We found a general decline in indexes of MI severity for patients hospitalized for MI in the ARIC communities over the period of 1987 to 2002. Race- and sex-specific results were consistent with the results seen in all patients. The present report extends on the previous analysis of ARIC data by Goff et al,5 which found mixed support for decreases in severity, and may help to explain declining mortality rates for acute MI.
In their analysis of ARIC data from 1987 to 1994, Goff et al5 found that hemodynamic indicators were stable, enzymatic indicators were improving, and ECG indicators were worsening. With 8 more years of data, we confirm the findings of Goff et al of improvement in many indexes and provide further evidence of declining MI severity. Unlike Goff et al, we found that major ECG indexes, including percent with initial ST elevation, initial Q wave, new Q wave, and diagnostic ECG, were all less common.
Because severity of an acute event can be influenced by previous prevention efforts and acute care, it is important to disentangle these influences as much as possible so that effective strategies can be reinforced and other potentially effective strategies can be reemphasized. The severity indicators included in the present study that were least likely to have been influenced by acute care included initial blood pressure and pulse and ST-segment elevation and Q waves on the initial ECG. The evidence related to these indicators was mixed, with stable prevalence of abnormal blood pressure, increasing prevalence of abnormal pulse, and decreasing prevalence of ST-segment elevation and Q waves on the initial ECG. The evidence regarding other indicators that might be influenced by acute care and previous prevention efforts was more consistent in showing declining severity. These results may be interpreted as providing support for the effects of both previous prevention effort and acute care.
Information from other population studies tends to support our findings. An analysis from a predominantly white cohort in Olmsted County, Minnesota, showed a decline in indexes of MI severity. The proportion of persons with ST-segment elevation declined, as did the occurrence of Q waves and peak CK. Hemodynamic factors as measured by Killip class did not change. The decline in severity of MI was independent of time from first ECG to reperfusion therapy, which changed from 2.3 hours in 1983 to 1986 to 1.7 hours in 1991 to 1994 (P<0.001).23
Spencer et al24 reported on a population-based study with predominantly white participants in Worcester (Mass) from 1975 to 1995. There was a decline in percent with Q-wave MI and anterior MI in those patients who had heart failure after their MI. The proportion of acute MI patients developing heart failure significantly declined from 1975 to 1978 (38%) to 1993 to 1995 (33%). Their findings also suggest a decline in incidence of acute MI and case fatality.

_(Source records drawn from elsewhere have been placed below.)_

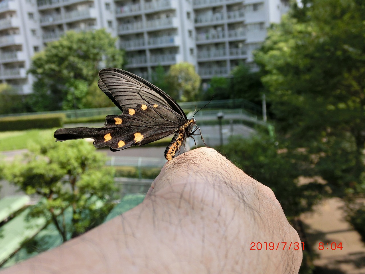 ジャコウアゲハは私にとって最も馴染みのチョウの一つです。もう10年以上前に飼育を始めて、毎年20頭ほど、多い年には40頭以上羽化させています。飼育をすると当然のように手乗りをさせて、それからから放してやることになります。冒頭の写真はその飛び立つ直前の姿です。
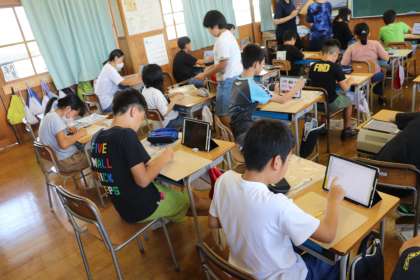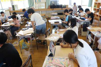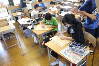 2限、5年生は図工「糸のこスイスイ」の学習。
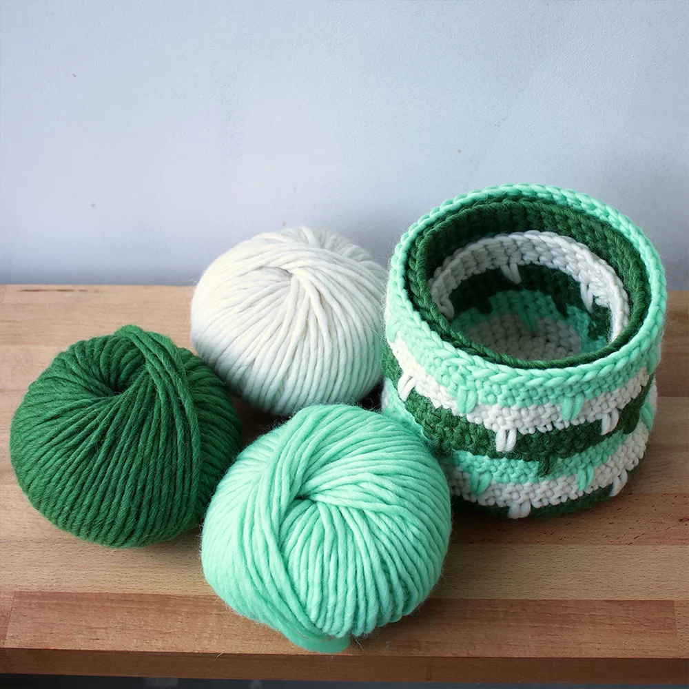 The Nestie Basket Bunch come as a trio of three perfect sizes: small, medium and large. A spike stitch across the rounds gives color contrast and texture detail. Choose the color combination that matches your home and enjoy making this easy crochet project that gives you stunning results. With so many more of us working from home, at least for part of the week, our thoughts turn to how to make our environments reflect our own personal style and how to make them more cozy. What could be nicer than practical yet stylish Nestie Baskets in your favorite colors?
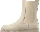 mysoft women's Chelsea Combat Boots Mid Calf Platform Chunky Heel Beige size 9.5

Some studies, however, showed conflicting results. Masoudi et al25 investigated 20 550 Medicare patients hospitalized with acute MI between 1992 and 2001. Patients presenting in later time periods had lower systolic blood pressures and lower heart rates. The proportion with ST-segment elevation decreased, but those with left bundle-branch block increased. Over time, increasing proportions of patients presented with radiographic evidence of heart failure, and more patients experienced shock and heart failure during hospitalization. Reasons for this change could be the greater age of the patients (75 to 78 years versus 59 years in the ARIC communities), fewer details on severity indicators, and fewer years of surveillance.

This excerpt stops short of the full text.